Human communication is much richer than it appears at face value. We lean on tone, gesture, expression, and shared physical context to fill in what words leave out. But even more than all of this, our ability to communicate effectively relies on understanding not at the linguistic level, but at the experiential level.

Theory of Mind (ToM) is our ability to model what others believe, know, and intend,¹ and it is integral to human communication. We use ToM constantly without ever knowing it. We predict how our words will land and adjust them for our audience. We infer how the interviewer felt about our answer based on their facial expression and we adjust our next answer to suit. When I say “the meeting was a disaster,” I trust you’ll infer frustration rather than literal catastrophe. ToM allows us to deliver complex ideas and concepts to others through simple words, because we understand how they will understand those words. Take this away, and we would be left with just the words themselves, without the context. What does “blue” mean to a mosquito anyway?

From one perspective, language can be seen as a compression algorithm, and an extremely lossy one at that. Take the example of the word “blue” above. What does that mean? What is “blue” to you? What is it to me? What about your mum? Are they the same? Where’s the line between “blue” and “not blue” on the colour wheel, for you, or me, or your mum?

When we use the word “blue” we’re compressing a rich set of sensory experiences into four letters on a page. Those letters don’t mean anything at all, without the reader’s ability to decode them through the lens of their lived experience. If you go swimming in the ocean every day your “blue” is going to be different from the “blue” of someone living next to an alpine lake, or the staff member at Bunnings selling you paint from the Dulux colour chart. The word “blue” doesn’t itself contain the color, it's merely a trigger for the reader’s pre-installed “blue” decoder.

Our communication with others therefore succeeds in proportion to the similarity of our decoders — decoders derived from our lifetimes of lived experience. Humans all share a large part of this experiential decoder: our physiology. We have the same sense organs, pain receptors and body morphology, we're all affected by gravity, and heat, and the progress of time. These things give us a huge foundation of shared experience, and on top of that we layer the cultural context of our daily lives: our shared history, food, slang, and upbringings. ToM is how we reason about all of this. It's how we predict the decoder someone else will use to interpret our words, and how we adjust the way we encode our intent into language.

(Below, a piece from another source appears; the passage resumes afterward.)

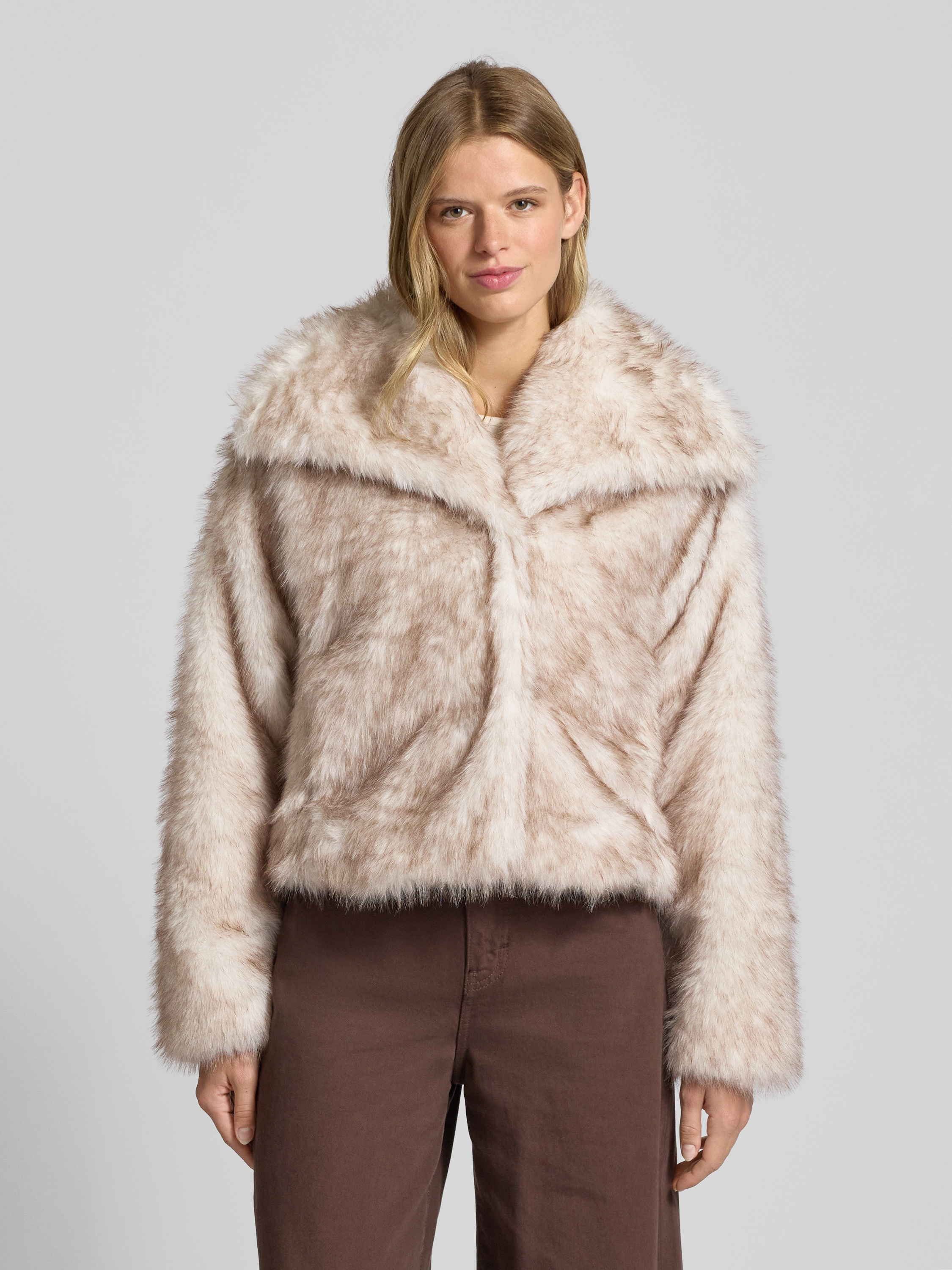 Kurtka ze sztucznego futra o kroju relaxed fit zapięcie na haftkę model ‘DAWN LIFE’ - écru

Calibrating Theory of Mind

The key point about ToM being built up over our lifetimes is that it isn’t a fixed capacity, it’s calibrated through experience and we learn it like any other skill: through practice. Research has found that when measuring people’s ability to predict others’ mental states, cross-culture prediction is greatly impaired compared to in-culture prediction.²^,³^,⁴ Think about your best friend; I bet you have a much better idea of how they think than that coworker you speak to occasionally in the lunch room. The upshot of this is, when you move to a new culture, or begin to interact with a new group or individual, you have to recalibrate your ToM for this new situation. And here we come to the point: this recalibration gets considerably harder when said individual doesn't share your biology.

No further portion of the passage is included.